Submitted by mbuzina on Thu, 2009-09-10 12:27.

You just invented the "OBJECT"

Hi Rob,

Congrats, you just invented the object class.

As to Charles comment: To me they do not need a common supertype, but both have a similar relationship to the "issue" type. The relationship Incident <-> Issue means "Incident" is the activity to quickly provide a workaround for "Issue" while "Problem" is the activity to finally resolve the "Issue".

Even this is a bit muddy, since Problem contains an object called "Known Error", which may again be a subtype of "Issue".

Incident <- Activity
Problem <- Activity
Change <- Activity

Known Error <- Issue
Known Error <(causes)> Issue

Incident <(works around)> Issue
Problem <(identifies)> Known Error (given Issues as Input, basically the as(Known Error) operation)
Problem <(resolves)> Known Error

No way to do proper modelling in Blog Comments ;-)

Submitted by DavidM on Thu, 2009-09-10 14:36.

Exercise for the reader ???

As I've mentioned in other posts here, my only religion in the tech arena is client outcomes and success. I also admit to not being big on dogma.

I didn't think you were being overly analytical, I merely suggested I could live with it.

re: separation of Incident and Problem. The SO volume is quite clear on that score (from the section on Major Incidents):

A separate procedure, with shorter timescales and greater urgency, must be used for ‘major’ incidents. A definition of what constitutes a major incident must be agreed and ideally mapped on to the overall incident prioritization system – such that they will be dealt with through the major incident process.
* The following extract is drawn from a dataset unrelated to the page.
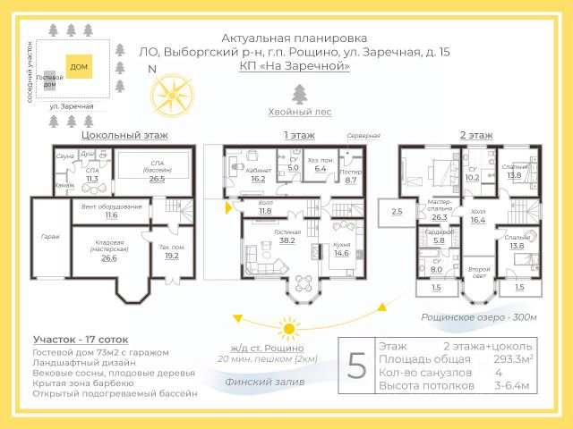 УНИКАЛЬНЫЙ КЛУБНЫЙ ПОСЕЛОК НА 18 УЧАСТКОВ НА БЕРЕГУ ОЗЕРА ОБЪЕКТ РЕАЛЬНЫЙ, ГОТОВ К ПОКАЗУ! ОБ ОБЪЕКТЕ: - Земельный участок 13,82 соток - Дом 274.76 м² - Навес на 2 автомобиля площадью 55,95 м² - Баня/ Летняя кухня из газобетона площадью 50,2 м² ОБ УЧАСТКЕ: РОВНЫЙ СУХОЙ УЧАСТОК, кадастровый номер 47:01:1536001:5895, сохранены хвойные деревья. Произведены все земельные работы: дренаж участка, дренаж фундамента, проложены все основные коммуникации водоснабжения и водоотведения, Септик установлен, электрические коммуникации, кабеля. Выровнен ландшафт, в настоящий момент ведутся работы по мощению въезда и тропинок тротуарной плиткой( срок выполнения работ 1 июня). О ДОМЕ: ФАХВЕРК во сей красе и высококлассном исполнении! Общая площадь: 274,76 м², Полезная площадь: 201,85 м², Площадь первого этажа: 105,99 м², Площадь второго этажа: 95,86 м², Площадь террас и балконов: 72,91 м²; Фундамент - ленточный; Стены - фахверк; Фасады- фиброцементные панели; Кровля - скатная фальцевая кровля; Окна и двери - деревянные; Высота потолков: 1 этаж - 3 метра, 2 этаж - 2,8 метра. Кабеля и трубы в доме разведены до момента финального монтажа, то есть нет лишних отверстий и дырок до окончательного проекта покупателя, что важно для дома такого типа. Окна -деревянные стеклопакеты с аллюминиевыми накладками с внешней стороны. Высокое качество материалов и строительства! На первом этаже расположены: Кухня-столовая- гостиная - 42,56 м²;Терраса - 24,17 м²;Терраса - 22,03 м²;Холл - 17,89 м²; Комната отдыха - 17,31 м²;Терраса - 9,43 м²;Постирочная - 6,64 м²;Тамбур - 6,06 м²; Бойлерная - 6,02 м²;Сауна - 4,28 м²;Санузел - 3,05 м²;Санузел - 2,18 м². На втором этаже расположены: Спальня - 18,55 м²; Спальня - 17,34 м²; Второй свет - 14, 79 м²; Спальня - 12,85 м²; Холл - 9,28 м²; Балкон - 8,86 м²; Балкон - 8,42 м²; Санузел - 6,47 м²; Санузел - 5,29 м²; Лестница - 5,16 м²; Гардероб - 3,92 м²; Гардероб - 2,21 м². Дом уже зимовал, никакой усадки. КОММУНИКАЦИИ: -Выделенная мощность электричества - 30 кВт; - Вода из артезианской скважины; - Дороги в поселке, а также подъездная дороги заасфальтированы; - Септик 800 литров; - Огорожен с фасадной части и части мест общего пользования, откатные ворота; - лестница на второй этаж смонтирована, дубовые ступени упакованы в доме; - электрический котел и бойлер в доме новые в упаковке; ПРЕИМУЩЕСТВА: Закрытый поселок на 18 участков, охрана круглосуточно, Вторая линия Озера, Вид на Нахимоское озеро из спален второго этажа, дом на участке расположен на стыке двух участков первой линии, то есть дома владельцев не закроют обзор озера, свой лес и выход к озеру, респектабельные соседи, статус, тишина и комфорт! РАСПОЛОЖЕНИЕ: расположен в 80 км от Санкт-Петербурга по выборгскому шоссе. Ленинградская область, Выборгский район, Рощинское городское поселение, поселок Пирс УСЛОВИЯ И ДОКУМЕНТЫ: ДОКУМЕНТЫ ГОТОВЫ К СДЕЛКЕ! Собственность! Подходит под ипотеку, возможно оформить рассрочку по индивидуальному согласованию. Купить коттедж рядом с озером в Выборгском районе Ленинградской области.

People sometimes use loose terminology and/or confuse a major incident with a problem. In reality, an incident remains an incident forever – it may grow in impact or priority to become a major incident, but an incident never ‘becomes’ a problem. A problem is the underlying cause of one or more incidents and remains a separate entity always!

The connection part is the formal suggestion that IF there is a Major Incident, defined as: The highest Category of Impact for an Incident. A Major Incident results in significant disruption to the Business, then both the Incident and Problem Manager gets involved immediately.

The implication being that except for the case of a major incident (where the cause has to "be investigated at the same time"), that incident and problem management processes are on separate schedules and potentially priorities (given that prioritization is also part of the PM process).

Problem Management process flow clearly takes input from incident management (and several other sources (see figure 4.4 -- the text says reactive, but the caption doesn't, that's another issue). So this means that for both normal and major incidents, a link is defined. It might not be with specific language that says "this is how you do it" and I'm OK with that in the context of a, "descriptive framework." In fact, with some clients, if the HowTo were part of the text, it might cause more harm than good, because they have something that works and if the "ITIL Way" was different....

I guess what I'm saying is this: For ITIL to be descriptive, some level of interpretation is required. This means that in some areas, the way to do that (stay descriptive) is to do something I hated, both from professors and texts: Get as close to "command" as possible without crossing the line and then, "The rest is left as an exercise for the reader." Maybe it's taken me this long to understand WHY the authors and professors (really the same people, just different roles :-)) took that approach. I didn't like it then, and not thrilled with it now, but at least I think I understand it.

David

Submitted by skeptic on Thu, 2009-09-10 19:37.

they forgot

Sorry, still not buying it. Digging for inferences in the Major Incident process is not how a book should be used to explain the key relationship between two key processes. the book should clearly explain all the points within Incident where a Problem can be spawned, and explain how and under what circumstances that happens. It doesn't. C'mon! they forgot!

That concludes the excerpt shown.